Create maps by aggregating the temporal dimension.

YAXArraysToolbox.plot_spaceFunction

Plot Space/Maps

Arguments

  • cube_in: YAXArray Cube.
  • time_axis: String. Name of the time axis.
  • var_axis: String. Name of the axis containing the variables.
  • var: String or nothing. Name of the variable to be plotted. If nothing all the variables presented in the cube are plotted.
  • lat_axis: String. Name of the latitude axis.
  • lon_axis: String. Name of the longitute axis.
  • fun: String. Name of the function used to collapse the spatial dimensions. It must be "median", "mean", "std", "var", "sum", "quant", "min", or "max".
  • p: Float64. in the interval [0,1]. If fun=quant p is the value of the quantile.
  • colormap: Color Map. By default: colormap = Reverse(:batlow)
  • coastlines: Boolean. Plot coast lines. By default coastlines = false
  • resolution: Plot resolution. By default resolution = (800, 300).
  • xticklabel_pad: Int. X labels padding. By default xticklabel_pad = 20.
  • yticklabel_pad: Int. Y labels padding. By default yticklabel_pad =20.
  • ncol: Number of plots by column. By default ncol = 1.
  • nrow: Number of plots by row. By default ncol = 1.
  • showprog: Boolean. Progress Bar.
  • max_cache: String. Maximum cache to read the data.
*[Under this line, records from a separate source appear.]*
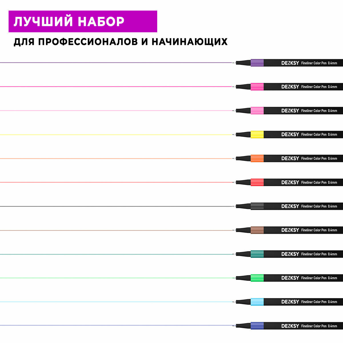 Набор капиллярных ручек DENKSY, 12 ярких цветов, линия 0.4мм интересное: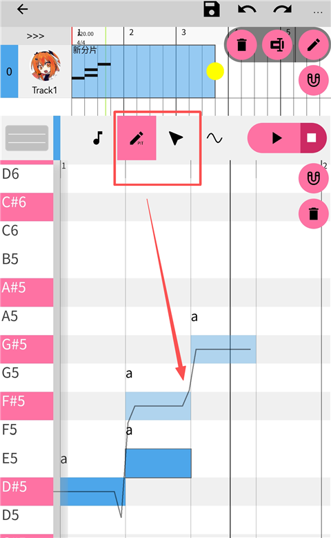 7、点击音符旁边的图标,可进行修改曲线界面。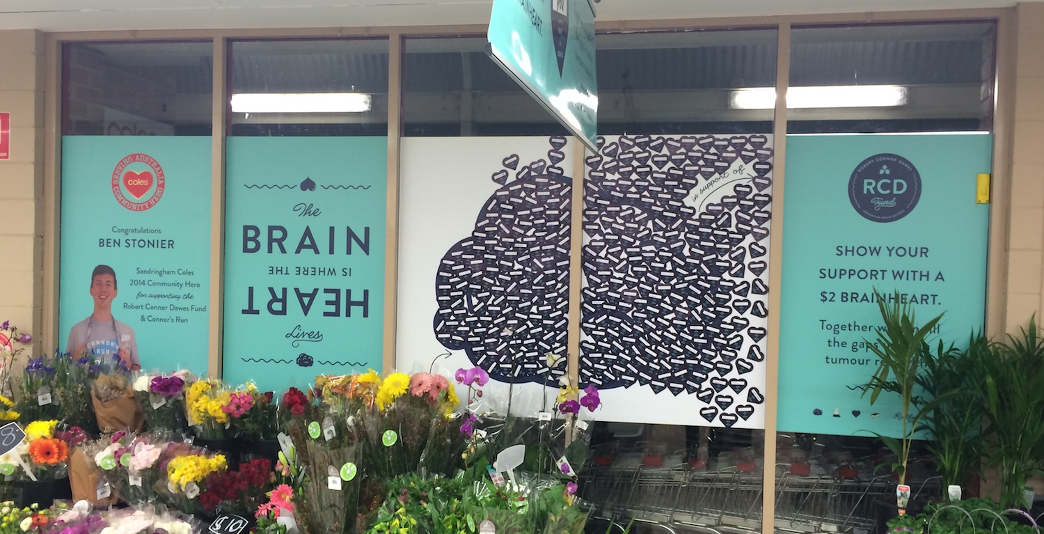 As part of the supermarket's national competition to reward generous community driven employees, Ben has been awarded title of Local Community Hero. Continuing Coles' support of the RCD Fund's annual Connor's Run event, the local store has been taken over this week by a giant brain display. With a simple message to do as Ben does and support brain matters, shoppers are able to symbolically 'fill in the gaps in brain tumour research' by buying a little brainheart cell to put up on the window.

It must be in MB e.g. "100MB" or in GB "10GB".

Examples


using YAXArraysToolbox
using CairoMakie
using Statistics
using GeoMakie
using YAXArrays
using DimensionalData


cube_in = open_dataset(
    "https://s3.bgc-jena.mpg.de:9000/esdl-esdc-v2.1.1/esdc-8d-0.25deg-1x720x1440-2.1.1.zarr",
)

cube_in = Cube(cube_in)


cube_in = cube_in[
    lon = (-9.0 .. 0.0),
    lat = (35 .. 40),
    Ti = (Date(2010) .. Date(2014)),
    Variable = At(["leaf_area_index", "sensible_heat"]),
]

plot_space(cube_in; time_axis = :Ti, resolution = (900, 500), xticklabel_pad = 25, yticklabel_pad = 25, var_axis = :Variable, var = "leaf_area_index", fun = "median")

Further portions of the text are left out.